## WHAT TO WORK ON:
Taking the data below, please print only the lines from the line holding "buzón exterior Country" to the line holding "幾位市民從西安市南大街一家肯", inclusive, with pictures omitted.

┌─ SOURCE MATERIAL

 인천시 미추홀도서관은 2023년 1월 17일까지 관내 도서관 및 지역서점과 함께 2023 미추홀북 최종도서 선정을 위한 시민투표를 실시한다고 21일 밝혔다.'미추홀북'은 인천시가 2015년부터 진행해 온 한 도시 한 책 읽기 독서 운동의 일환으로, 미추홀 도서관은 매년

└─
┌─ SOURCE MATERIAL

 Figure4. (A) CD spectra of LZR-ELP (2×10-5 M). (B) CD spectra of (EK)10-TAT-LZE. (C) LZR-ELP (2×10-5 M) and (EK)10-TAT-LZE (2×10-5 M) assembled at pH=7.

└─
┌─ SOURCE MATERIAL

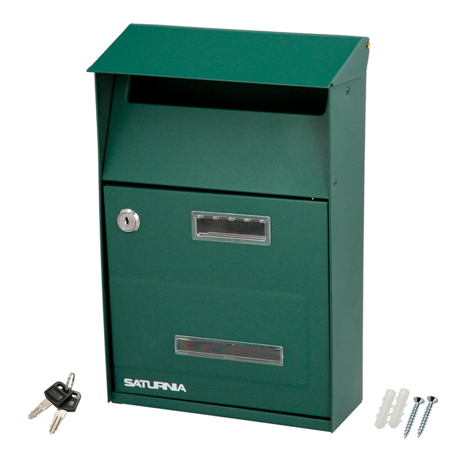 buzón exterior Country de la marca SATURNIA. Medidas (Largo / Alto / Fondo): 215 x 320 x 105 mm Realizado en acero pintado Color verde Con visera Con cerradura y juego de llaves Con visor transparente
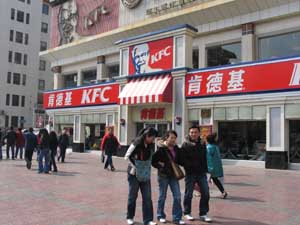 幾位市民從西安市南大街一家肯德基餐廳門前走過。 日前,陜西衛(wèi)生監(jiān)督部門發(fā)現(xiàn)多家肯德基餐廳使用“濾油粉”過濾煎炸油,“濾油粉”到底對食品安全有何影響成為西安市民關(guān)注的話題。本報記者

└─

## RESPONSE:
 buzón exterior Country de la marca SATURNIA. Medidas (Largo / Alto / Fondo): 215 x 320 x 105 mm Realizado en acero pintado Color verde Con visera Con cerradura y juego de llaves Con visor transparente
 幾位市民從西安市南大街一家肯德基餐廳門前走過。 日前,陜西衛(wèi)生監(jiān)督部門發(fā)現(xiàn)多家肯德基餐廳使用“濾油粉”過濾煎炸油,“濾油粉”到底對食品安全有何影響成為西安市民關(guān)注的話題。本報記者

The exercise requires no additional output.